Data records>
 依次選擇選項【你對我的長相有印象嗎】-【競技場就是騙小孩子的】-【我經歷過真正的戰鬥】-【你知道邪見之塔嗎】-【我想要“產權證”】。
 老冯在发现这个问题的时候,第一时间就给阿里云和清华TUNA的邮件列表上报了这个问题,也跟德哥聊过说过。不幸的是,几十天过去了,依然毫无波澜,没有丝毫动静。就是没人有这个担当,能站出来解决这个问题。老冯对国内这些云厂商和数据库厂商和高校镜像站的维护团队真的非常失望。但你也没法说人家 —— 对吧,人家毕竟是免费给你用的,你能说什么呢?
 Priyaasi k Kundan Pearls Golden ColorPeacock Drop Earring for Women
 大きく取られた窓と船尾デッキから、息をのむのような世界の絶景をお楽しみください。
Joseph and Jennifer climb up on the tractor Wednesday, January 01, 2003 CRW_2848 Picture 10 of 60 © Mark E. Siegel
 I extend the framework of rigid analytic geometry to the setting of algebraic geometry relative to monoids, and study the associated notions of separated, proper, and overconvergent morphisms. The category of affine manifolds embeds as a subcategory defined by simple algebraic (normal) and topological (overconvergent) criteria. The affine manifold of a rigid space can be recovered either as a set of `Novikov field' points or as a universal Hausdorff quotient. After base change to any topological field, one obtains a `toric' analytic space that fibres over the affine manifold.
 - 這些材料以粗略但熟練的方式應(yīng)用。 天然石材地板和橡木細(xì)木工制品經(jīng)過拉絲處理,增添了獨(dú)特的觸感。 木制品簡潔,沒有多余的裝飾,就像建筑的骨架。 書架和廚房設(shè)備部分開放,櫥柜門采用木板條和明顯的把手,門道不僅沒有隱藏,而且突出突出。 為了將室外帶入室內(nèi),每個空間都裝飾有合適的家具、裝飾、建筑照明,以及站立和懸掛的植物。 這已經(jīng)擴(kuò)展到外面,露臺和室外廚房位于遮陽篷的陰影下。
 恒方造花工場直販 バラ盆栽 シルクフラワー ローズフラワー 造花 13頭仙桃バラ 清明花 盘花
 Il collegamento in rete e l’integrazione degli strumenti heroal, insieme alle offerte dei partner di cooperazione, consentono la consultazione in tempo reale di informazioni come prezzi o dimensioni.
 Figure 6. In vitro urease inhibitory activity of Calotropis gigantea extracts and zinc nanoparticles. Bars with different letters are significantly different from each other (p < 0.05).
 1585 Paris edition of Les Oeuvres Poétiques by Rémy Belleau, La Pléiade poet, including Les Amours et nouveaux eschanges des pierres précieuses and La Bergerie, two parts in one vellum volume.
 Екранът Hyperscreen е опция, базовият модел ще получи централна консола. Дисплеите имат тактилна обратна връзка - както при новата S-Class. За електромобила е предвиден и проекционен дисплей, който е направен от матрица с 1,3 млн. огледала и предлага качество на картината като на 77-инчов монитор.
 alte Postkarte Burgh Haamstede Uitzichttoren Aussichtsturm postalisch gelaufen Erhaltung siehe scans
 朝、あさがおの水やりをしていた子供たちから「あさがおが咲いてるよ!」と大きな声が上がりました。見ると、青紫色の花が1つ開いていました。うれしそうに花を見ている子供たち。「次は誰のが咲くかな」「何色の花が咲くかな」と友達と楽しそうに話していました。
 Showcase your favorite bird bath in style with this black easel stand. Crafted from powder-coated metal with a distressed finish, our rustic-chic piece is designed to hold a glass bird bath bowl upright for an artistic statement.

Problem to work on>
Begin at the first line of the records above and quote every line verbatim through the one that contains "Joseph and Jennifer".

Task response>
 依次選擇選項【你對我的長相有印象嗎】-【競技場就是騙小孩子的】-【我經歷過真正的戰鬥】-【你知道邪見之塔嗎】-【我想要“產權證”】。
 老冯在发现这个问题的时候,第一时间就给阿里云和清华TUNA的邮件列表上报了这个问题,也跟德哥聊过说过。不幸的是,几十天过去了,依然毫无波澜,没有丝毫动静。就是没人有这个担当,能站出来解决这个问题。老冯对国内这些云厂商和数据库厂商和高校镜像站的维护团队真的非常失望。但你也没法说人家 —— 对吧,人家毕竟是免费给你用的,你能说什么呢?
 Priyaasi k Kundan Pearls Golden ColorPeacock Drop Earring for Women
 大きく取られた窓と船尾デッキから、息をのむのような世界の絶景をお楽しみください。
Joseph and Jennifer climb up on the tractor Wednesday, January 01, 2003 CRW_2848 Picture 10 of 60 © Mark E. Siegel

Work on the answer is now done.